第5話

 ゴルトンが出ていくのを見送り、咳き込むロラゲに水の入ったコップを渡して息をつく。


 ──昨日から先生たちが出ていくのを見てばかりね。


 別に珍しいことじゃない。


 図書委員などやっていれば、やってくる人間を見送るのが常だ。

 また来る、など言葉を置いていく人もいれば、軽い礼だけ残していく人もいる。

 ──まあ、大概はまた来てくれないと困るのだけど。


 本の返却があるからだ。延滞は困る。延滞されると、我らの図書委員長が貸出カードに仕込んだ爆弾が爆発するからだ。つい先日も二年の教室で爆発した。その後はみんな仲良く全校集会。犯人捜しが始まる前に委員長が前に出て、全ての図書館利用者に「反省してまーす」と宣戦布告を行った。絶対反省していないし、なんならこの前会ったとき「さらにパワーアップしてやった」とほくそ笑んでいた。おかげで図書室の別名は〝爆弾書庫〟。


「延滞は少なくなりましたけど」


「どうしたの? 嬉しそうな顔して」


「いえ、別に」


 嬉しくない。心外だ。爆弾魔一味と呼ばれるのは避けたいのだ。顔に出してはダメ。


 そんなことより、と話を逸らす。


「さっきの、ゴルトン先生のご休息場所、とはどういう意味なのかな?」


「え?」


 枕に頭を預ける彼が手の甲を額に当てて、考える。病人の頭を使わせてしまったが、眠るまでの世間話だ。


「あー、ほら、ここ休む場所だから」


「でも、先生は勘違いするなって。ここは休息する場所じゃないってことでしょ?」


「うーん、あ、ここは病気や怪我を直す場所だって意味で言ったんじゃないかな?」


「元気になったらすぐ帰れ、と?」


「うん今日は、本当は閉める予定だったみたいだし」


 なるほど、とティロルは得心する。


 時折、ここへ授業をサボりに来る生徒がいると聞いている。ゴルトンも一応は迎え入れるようだが、それでもベッドを占領されることにいい顔をしていなかった。


 今のロラゲは病人だ。ベッドを使う権利は大いにある。


「治ったら病人じゃないものね」


 その時点で、権利は失うし、ゴルトンからすれば貸し出す義務がなくなる。


「確かに、ここはご休息場所ではありませんね」


 ☆

 ゴルトンは頭を抱えた。


 衛生科教師として。

 エルゼール士官学校の保健体育教育を取り纏める教諭として。


「カリキュラムを見直したほうがいいのか……」


 煙草に火をつけるためのマッチを忘れたことに気が付いて、戻ってきたらこれだ。


 ちょっと意識させていい雰囲気にさせてみようと吐いた冗談が、まさかそのままの意味で受け取られるとは。しかもご都合な解釈まで添えて。

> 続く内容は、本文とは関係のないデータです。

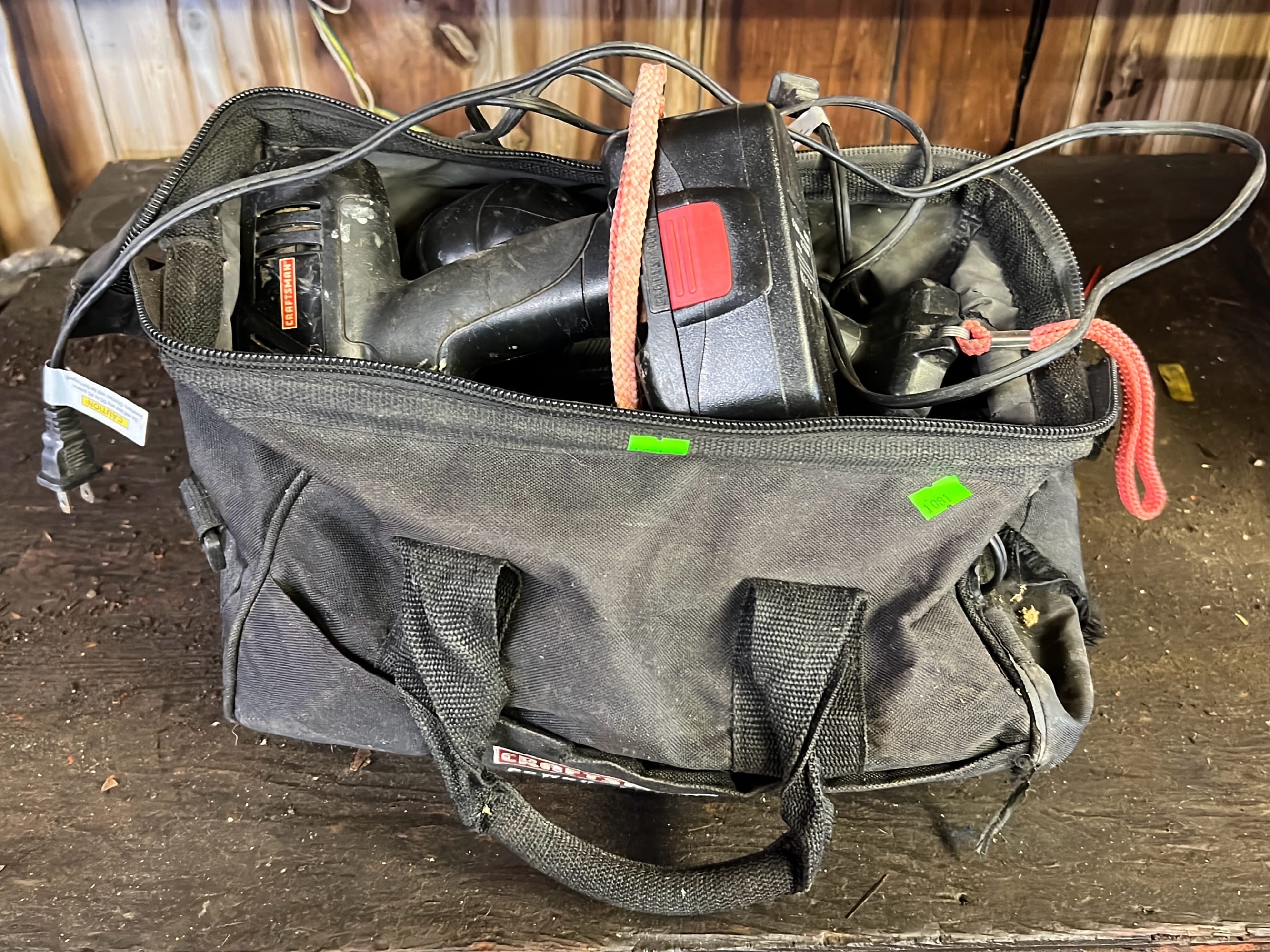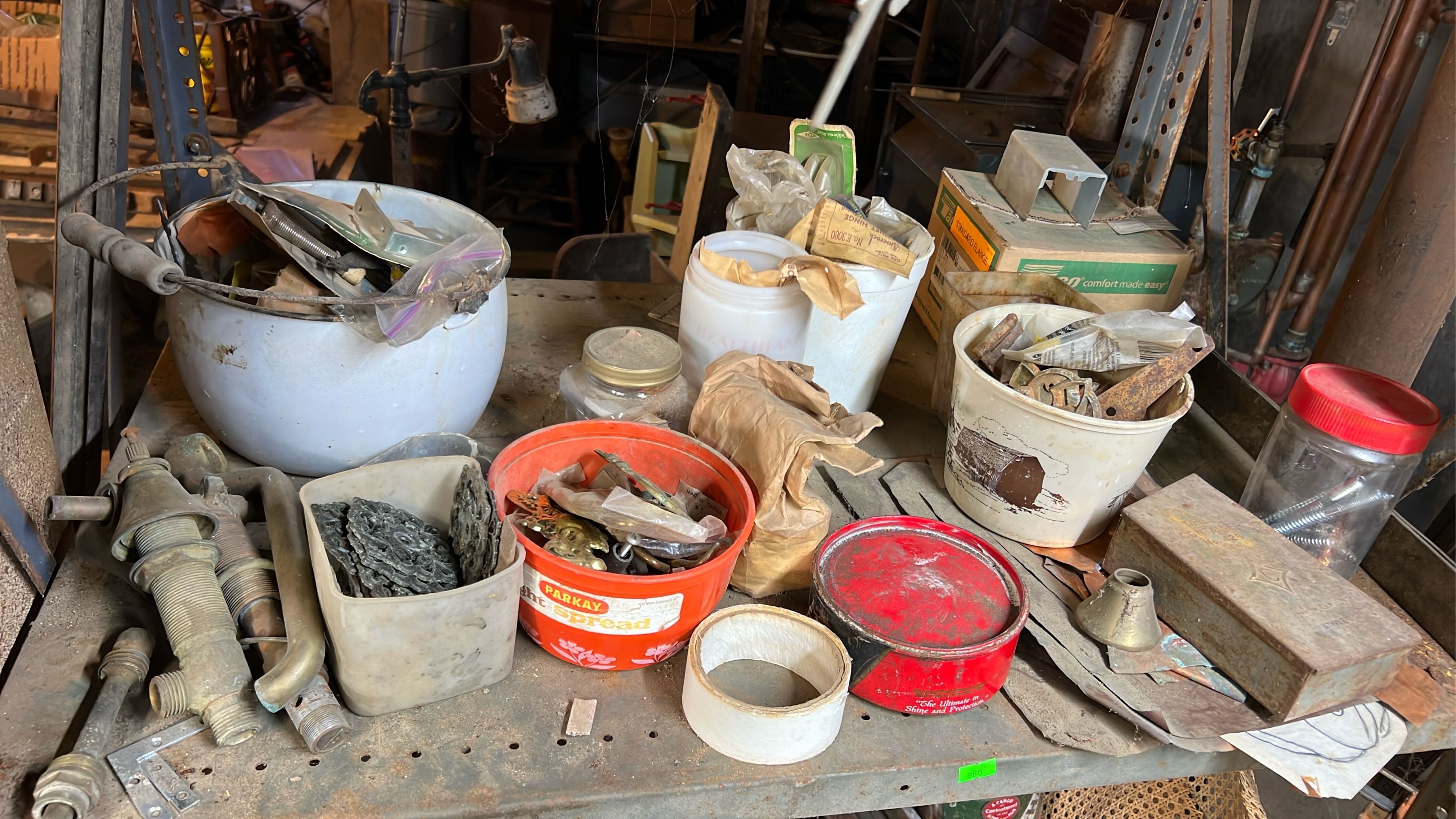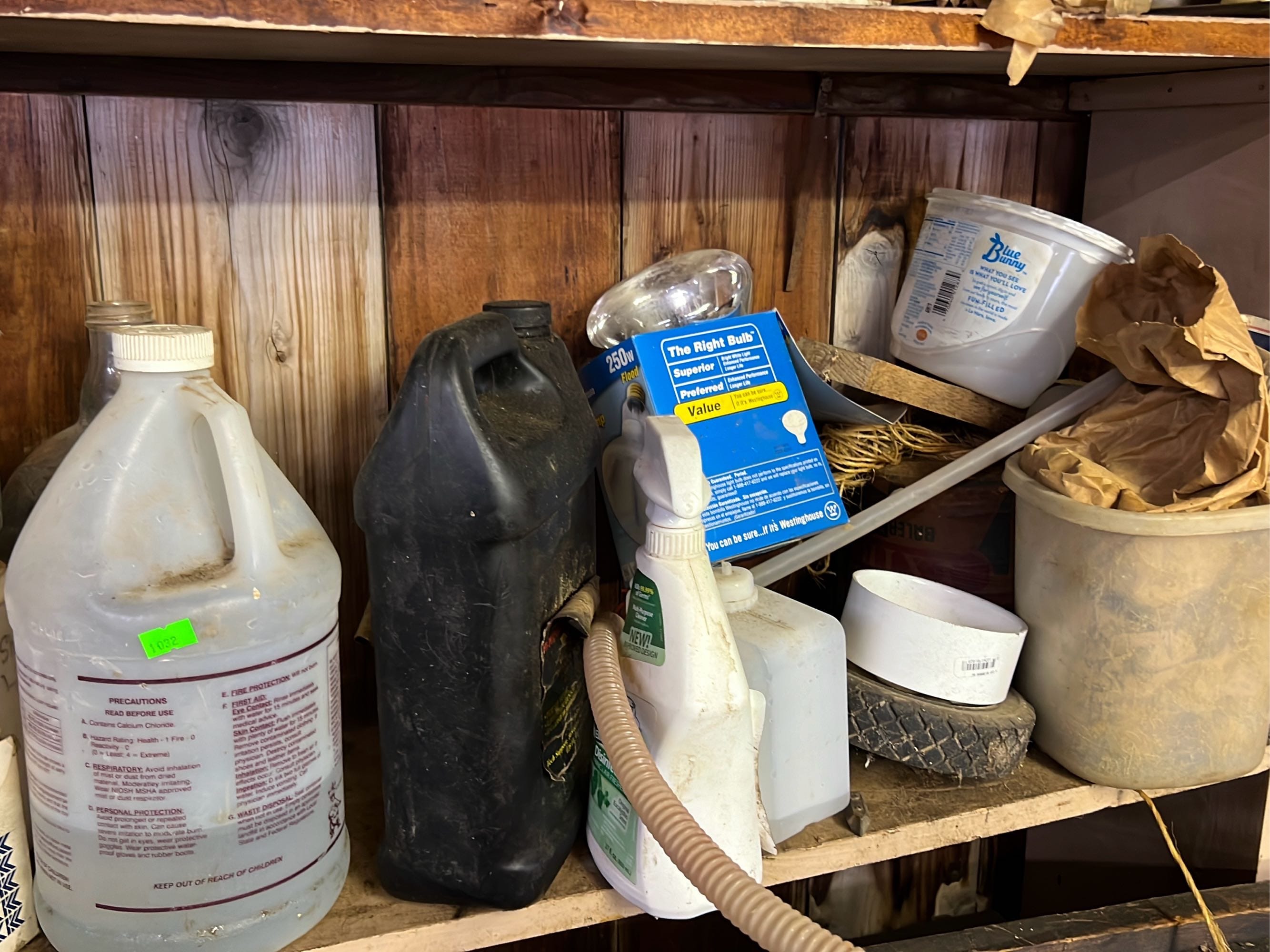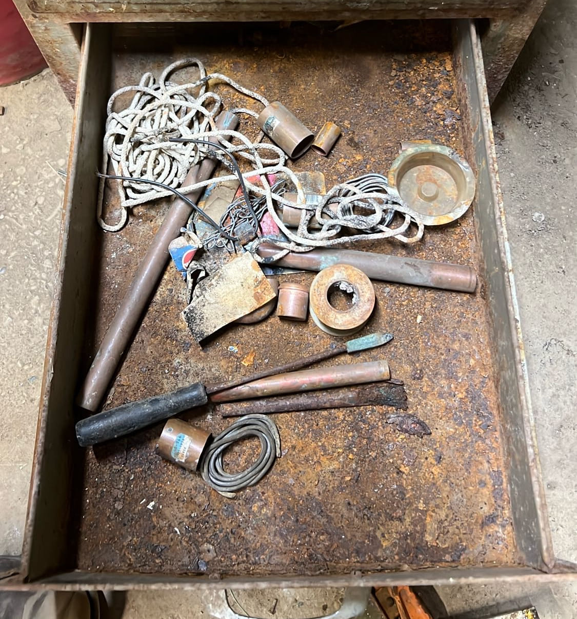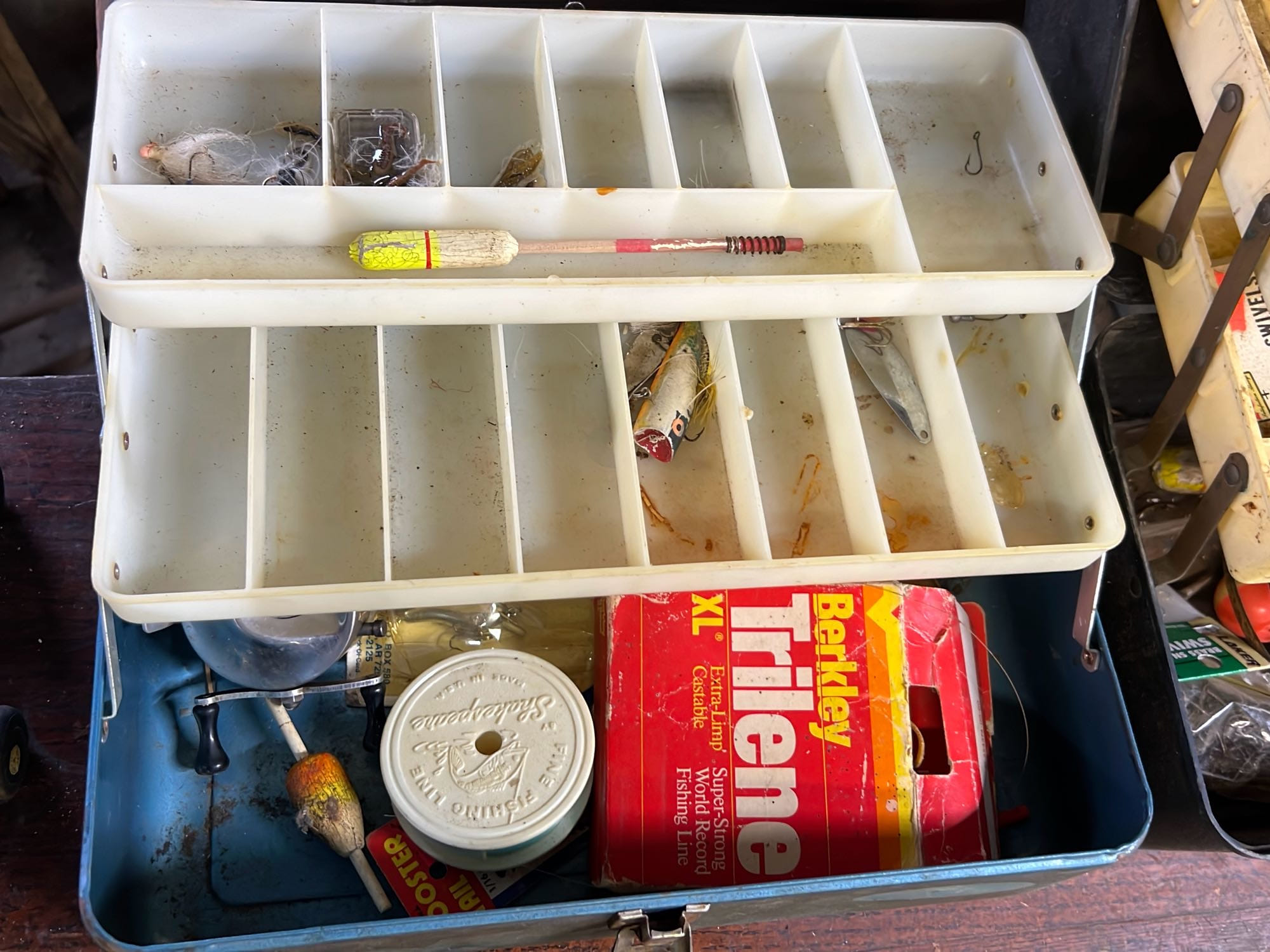 1114 Horseshoe Nail assortment • Chain • Files • Caulk Gun • Tote 17.5” • misc

 人生の楽しみが恋愛やその先にあるものだけとは言えないが、しかし知っていると知らないとでは大きな違いだ。


 知っていてなお、自分には必要がないと選択するならばいいが。知らないまま、通り過ぎていけば、いつかあったかもしれない思い出に後悔することになる。


「特に君には時間がないんだよ。フレダ・ティロル」


 いつか来る終わりまでに。少しでも多くの幸福を体験してほしい。

 

 それが長く、先に生きてきた教師たちの願いであった。